▸ **DATASET RECORDS**
▼

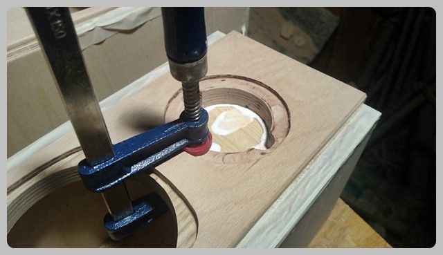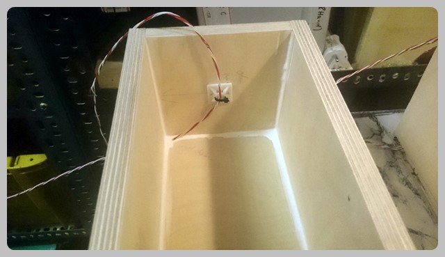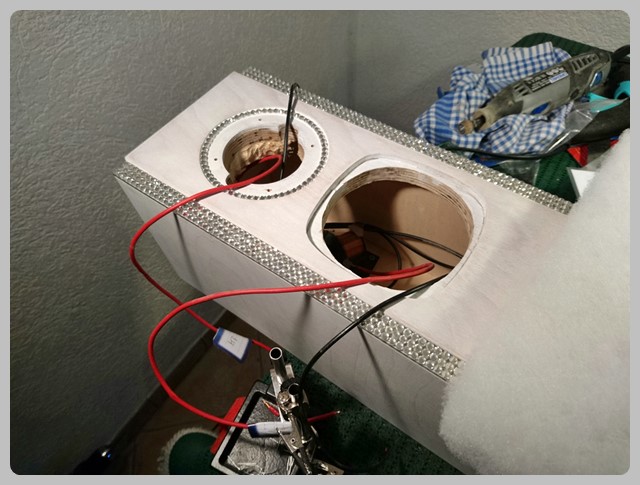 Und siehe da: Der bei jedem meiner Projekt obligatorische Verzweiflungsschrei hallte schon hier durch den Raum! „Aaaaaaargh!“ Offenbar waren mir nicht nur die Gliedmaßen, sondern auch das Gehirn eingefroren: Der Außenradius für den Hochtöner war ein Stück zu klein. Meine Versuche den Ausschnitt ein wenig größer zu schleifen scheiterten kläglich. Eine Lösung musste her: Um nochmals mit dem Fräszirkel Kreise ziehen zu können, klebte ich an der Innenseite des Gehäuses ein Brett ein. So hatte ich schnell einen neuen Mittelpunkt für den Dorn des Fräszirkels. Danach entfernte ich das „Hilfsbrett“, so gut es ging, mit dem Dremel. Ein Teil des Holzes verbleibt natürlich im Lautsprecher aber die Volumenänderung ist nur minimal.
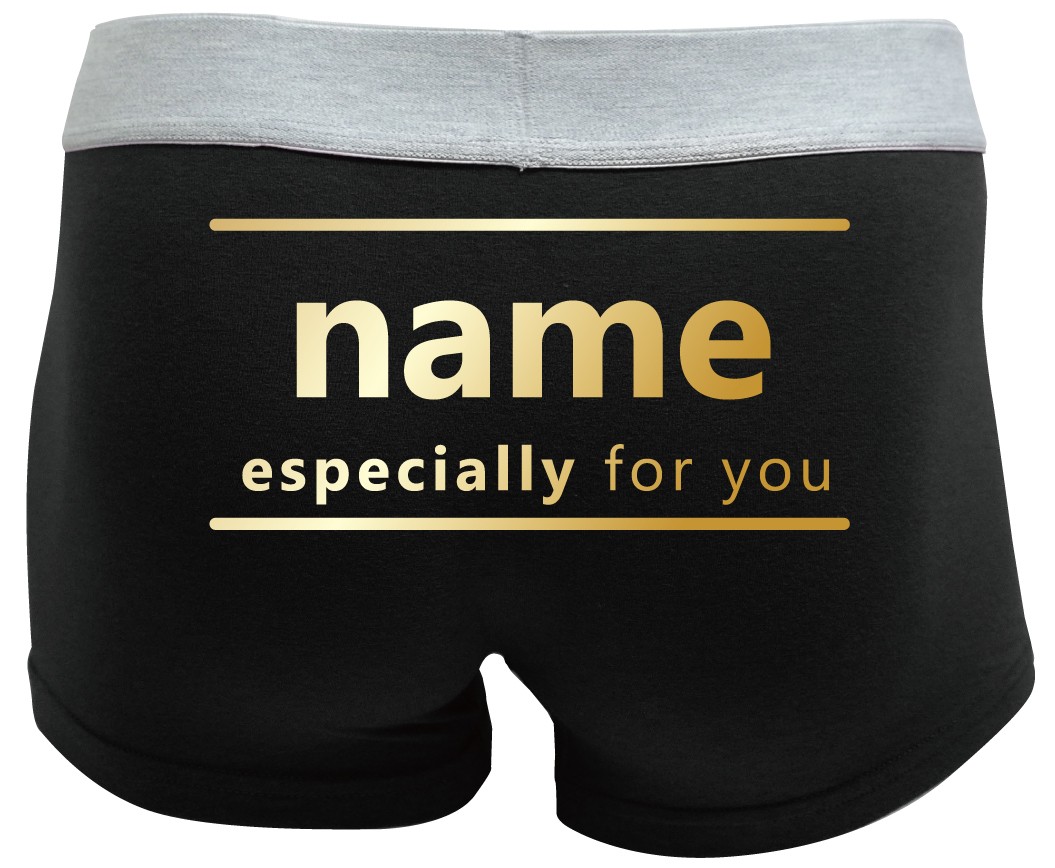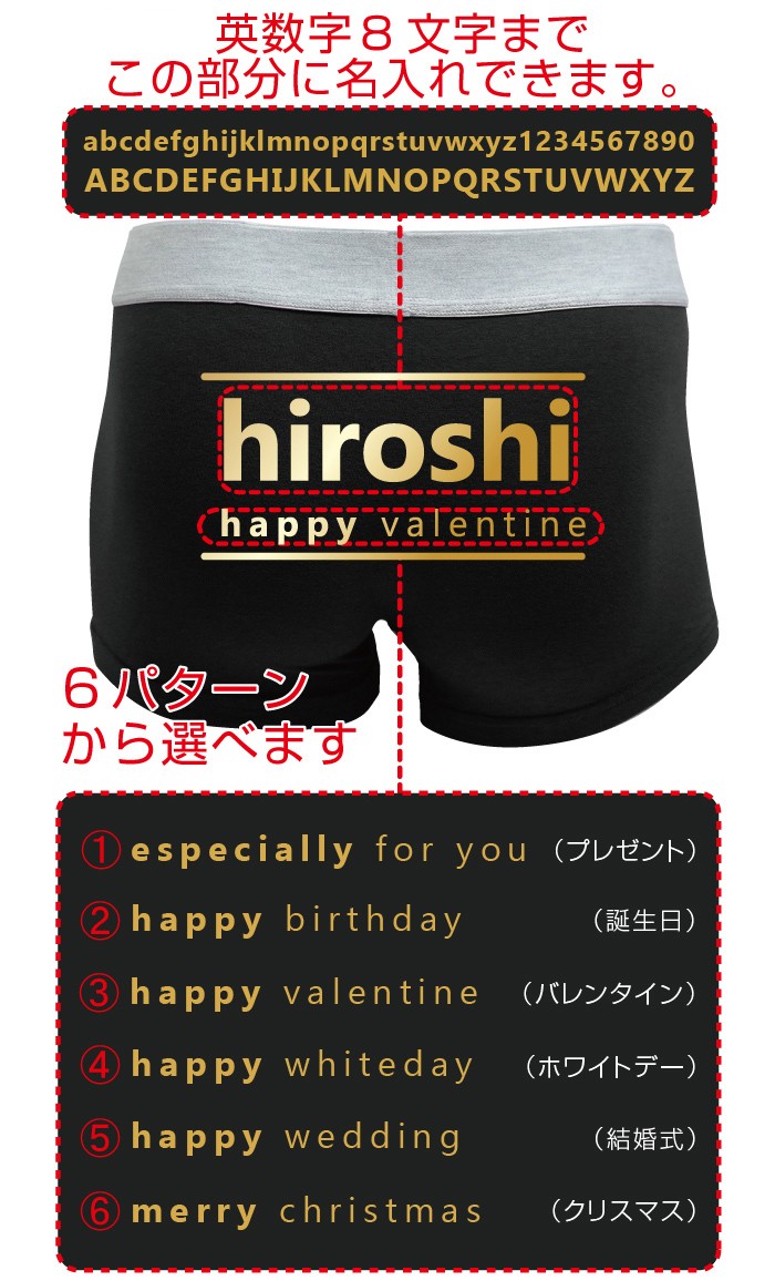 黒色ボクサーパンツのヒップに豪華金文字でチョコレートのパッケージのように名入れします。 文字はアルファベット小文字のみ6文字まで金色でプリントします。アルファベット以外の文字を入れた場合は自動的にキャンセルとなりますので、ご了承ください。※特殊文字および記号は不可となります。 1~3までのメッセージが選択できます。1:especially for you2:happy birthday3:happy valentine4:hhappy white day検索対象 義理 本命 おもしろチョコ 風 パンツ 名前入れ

▲
▼

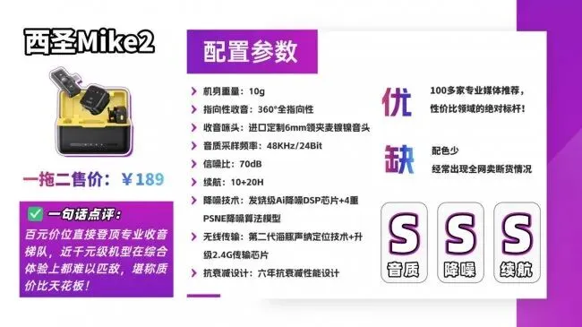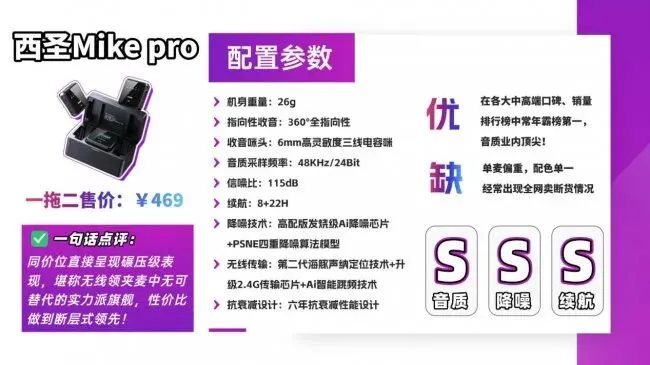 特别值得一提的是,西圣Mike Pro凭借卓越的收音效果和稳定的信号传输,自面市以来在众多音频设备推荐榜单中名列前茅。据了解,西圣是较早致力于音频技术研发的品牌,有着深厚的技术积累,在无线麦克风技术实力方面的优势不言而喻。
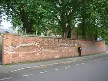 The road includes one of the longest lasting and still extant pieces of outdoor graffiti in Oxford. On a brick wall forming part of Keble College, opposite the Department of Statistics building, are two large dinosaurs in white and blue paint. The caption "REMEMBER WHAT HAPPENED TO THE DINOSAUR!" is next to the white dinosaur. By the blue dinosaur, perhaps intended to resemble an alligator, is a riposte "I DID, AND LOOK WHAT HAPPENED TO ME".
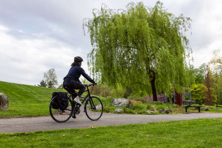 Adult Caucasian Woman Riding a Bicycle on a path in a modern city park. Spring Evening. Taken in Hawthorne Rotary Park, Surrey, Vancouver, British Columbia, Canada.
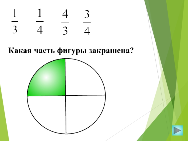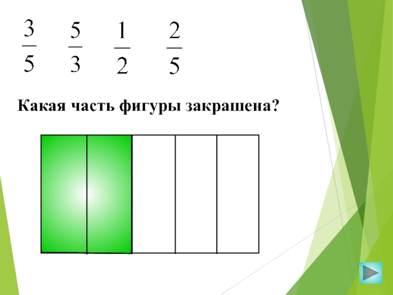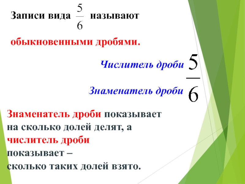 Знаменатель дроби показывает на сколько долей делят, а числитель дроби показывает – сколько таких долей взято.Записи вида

▲

▸ **TASK GOAL**
In the records above, everything from the line with "特别值得一提的是,西圣Mik" down to the line with "Знаменатель дроби показывает" is to be set down exactly, both ends included, with no pictures and no other lines.

▸ **RESPONSE TO THE TASK**
 特别值得一提的是,西圣Mike Pro凭借卓越的收音效果和稳定的信号传输,自面市以来在众多音频设备推荐榜单中名列前茅。据了解,西圣是较早致力于音频技术研发的品牌,有着深厚的技术积累,在无线麦克风技术实力方面的优势不言而喻。
 The road includes one of the longest lasting and still extant pieces of outdoor graffiti in Oxford. On a brick wall forming part of Keble College, opposite the Department of Statistics building, are two large dinosaurs in white and blue paint. The caption "REMEMBER WHAT HAPPENED TO THE DINOSAUR!" is next to the white dinosaur. By the blue dinosaur, perhaps intended to resemble an alligator, is a riposte "I DID, AND LOOK WHAT HAPPENED TO ME".
 Adult Caucasian Woman Riding a Bicycle on a path in a modern city park. Spring Evening. Taken in Hawthorne Rotary Park, Surrey, Vancouver, British Columbia, Canada.
 Знаменатель дроби показывает на сколько долей делят, а числитель дроби показывает – сколько таких долей взято.Записи вида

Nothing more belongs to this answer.